By Rep. Linda Runbeck
Letters I receive from constituents are always interesting, especially correspondence from local youth. A senior from Centennial High School, an avid fisherman, wrote urging action to protect Golden Lake so people can enjoy it today and into the future.
This led to questions of what residents might want to know about lakes in our area. What is the water quality of our lakes? Is there measurable quality data available? What are the trends?
Conversations with officials from the Minnesota Pollution Control Agency, Anoka County Parks, and Rice Creek Watershed provided some answers to these questions.
Lakes all around the state are subject to layers of monitoring by state agencies to check for levels of mercury in fish (DNR) and nutrients in the water (MPCA). Regarding mercury, the DNR's study results in a fish consumption guide per lake which can be accessed at www.dnr.state.mn.us/lakefind. If a lake exceeds state standards for mercury, the DNR advises on the frequency of eating fish, e.g., no more than once per week or once per month. While no advisories have been issued, Golden Lake slightly exceeds state standards for mercury while Centerville Lake, another popular fishing lake, does not.
As for nutrient levels, officials are mainly looking for levels of phosphorus and chlorophyll, along with a check for clarity. Samples are taken from each lake a total of 12 times over two years once each decade.

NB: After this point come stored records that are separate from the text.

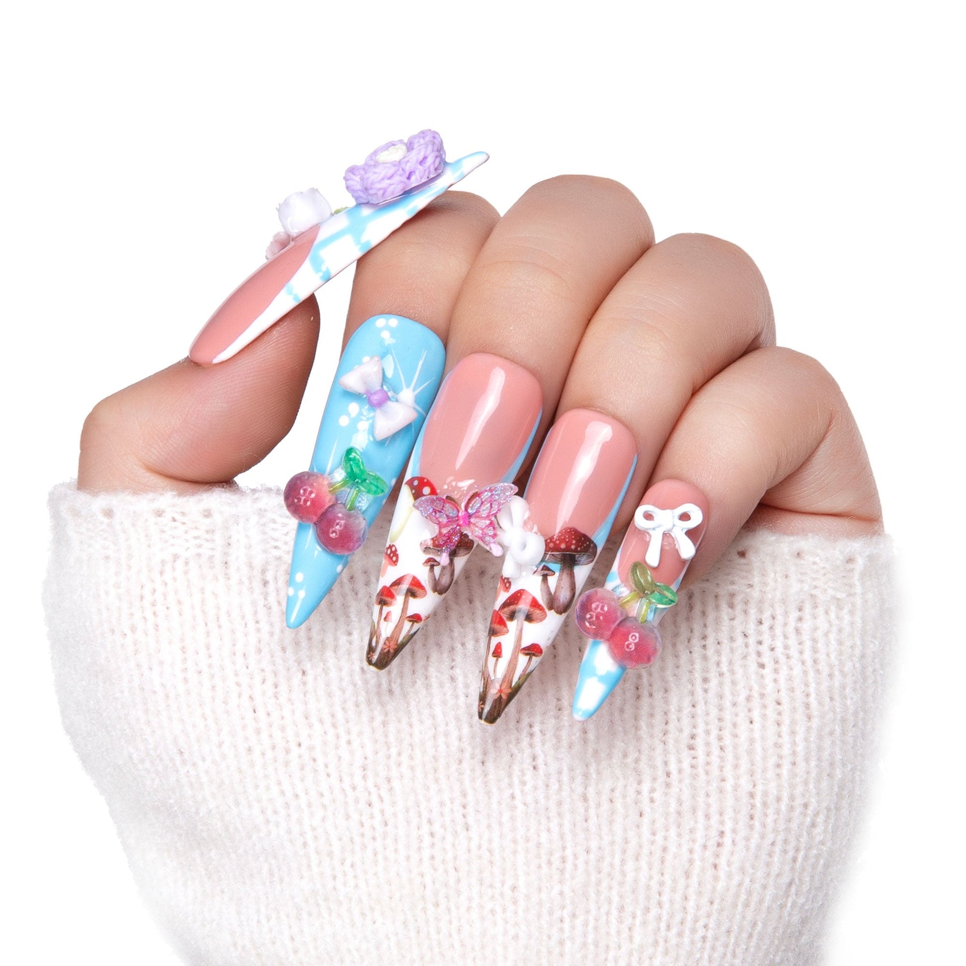 Secret Garden is charming with girlish designs. It features pink and blue colors, and each has unique decorations like cartoon characters, flowers, bows, and pearls. They offer various styles for different nail shapes and lengths, suitable for daily and special occasions. They are convenient to use, ideal for those who like to change nail styles often.
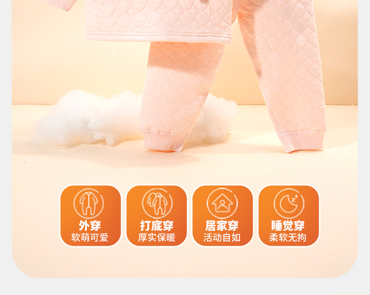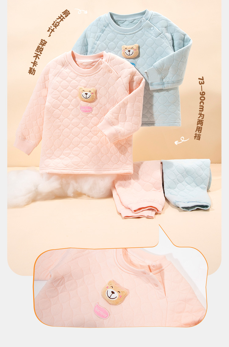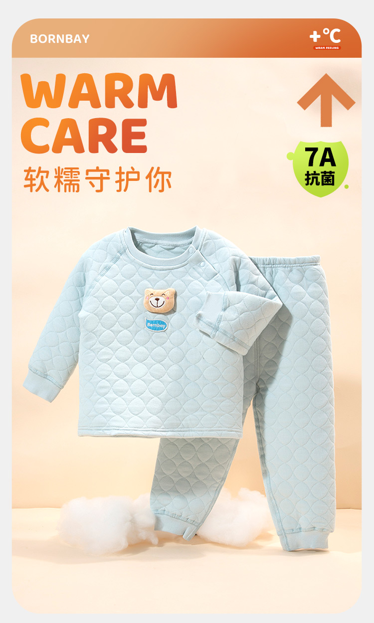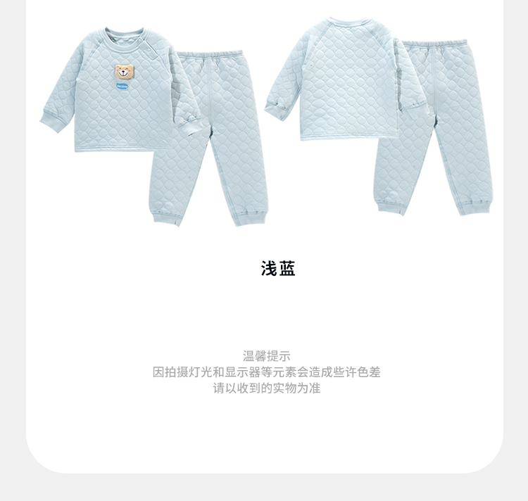 贝贝怡童装儿童三层暖棉套头套装男女宝宝家居服两件套保暖春秋冬ZB4DT001
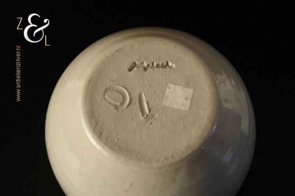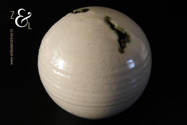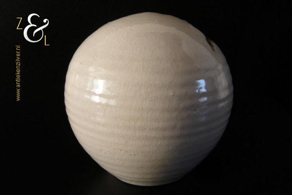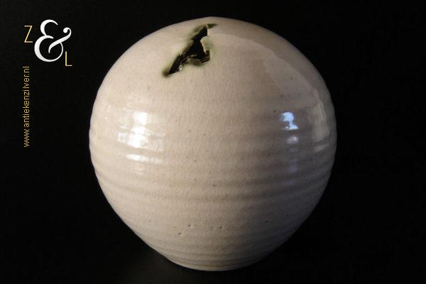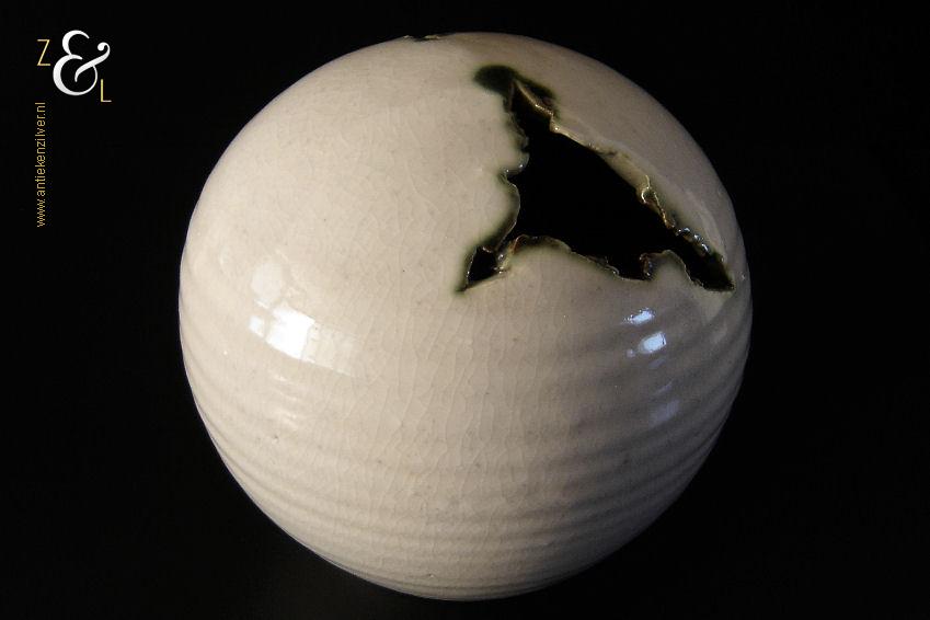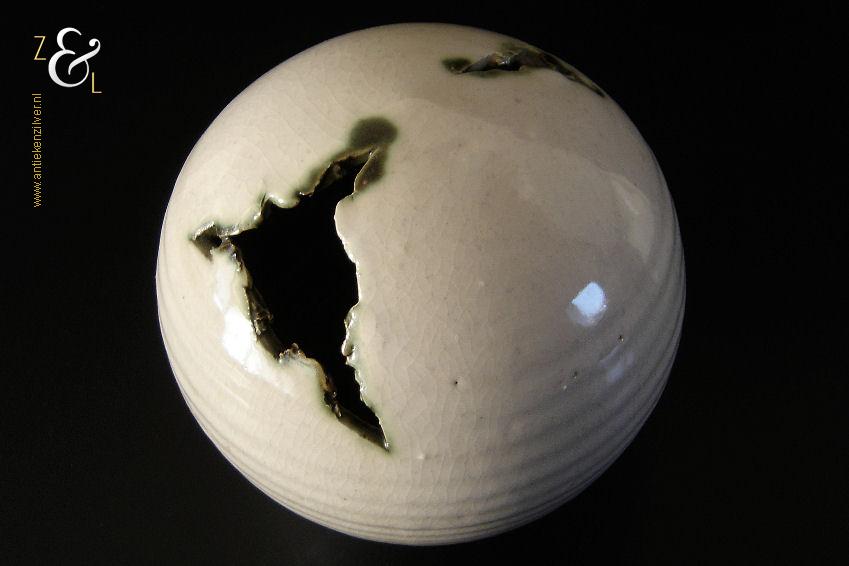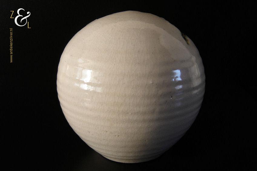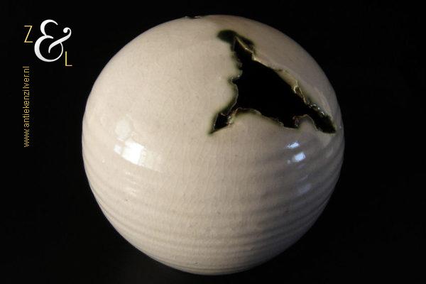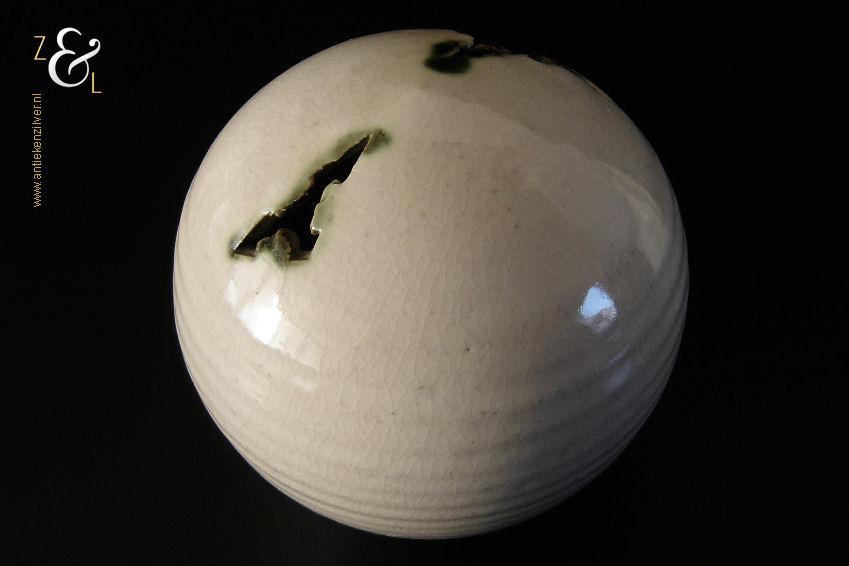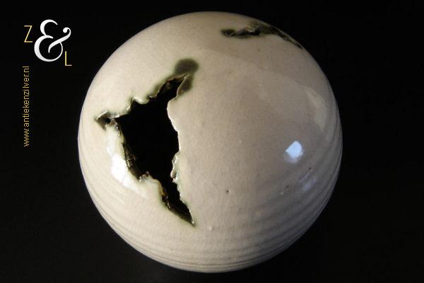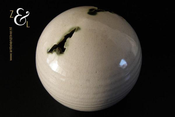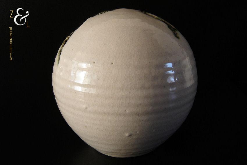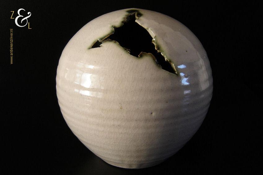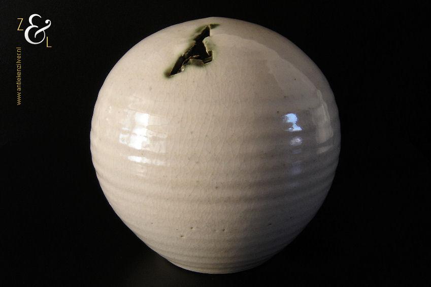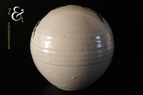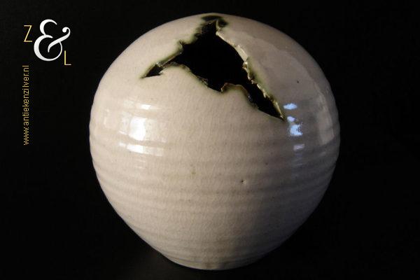 Deze aardewerk / keramiek vaas is gemaakt in Utrecht bij aardewerkfabriek Mobach. De vaas model scheurbol is een ontwerp van Piet Knepper en werd gefabriceerd tussen 1980 en 1989. De grote wit met groen geglazuurde vaas heeft een egale craquelé en heeft aan de onderzijde het stempel van Mobach en de signatuur van Piet Knepper. De vaas weegt 1895 gram en heeft een diameter van 19 cm en is 19 cm hoog.

The result of MPCA's study is a list of lakes that are "impaired," i.e., having nutrient concentrations higher than state standards. The agency offers no gradations of impairment (such as from mild to severe). The lake is either on the list or not. High concentrations of phosphorous, they told me, do relate to increased "algal abundance" which affects the lake's appeal for swimming and other recreational uses. (Note: this algae is not the toxic or hazardous type of algae bloom.) So, is "impairment" as far as swimming or fishing somewhat in the eye of the beholder?
An interesting side note on phosphorous: Minnesota banned phosphorus from fertilizers in 2007. How much will the use of non-phosphorous fertilizers improve lake quality? We'll begin to know as the next 10-year cycle of results begins coming in. Certainly, each lake has its own set of circumstances affecting phosphorous levels. Some are spring-fed; others receive inflow from ditches. Others may be surrounded by roadways which produce run-off.
The Metropolitan Council is also studying lake quality. In conjunction with metro counties, they study 162 lakes with the help of 118 citizen volunteers who are trained in collecting and submitting water samples and field data. The Met Council's results come in the form of an A-F grade for lake quality. The majority of Anoka County lakes were rated A, B or C for phosphorous and chlorophyll as well as clarity readings. A helpful website is: www.metrocouncil.org/Wastewater-Water/Publications-And-Resources/Water-Quality-Monitor-Assess/Lake-Water-Quality-Summary-2013.aspx.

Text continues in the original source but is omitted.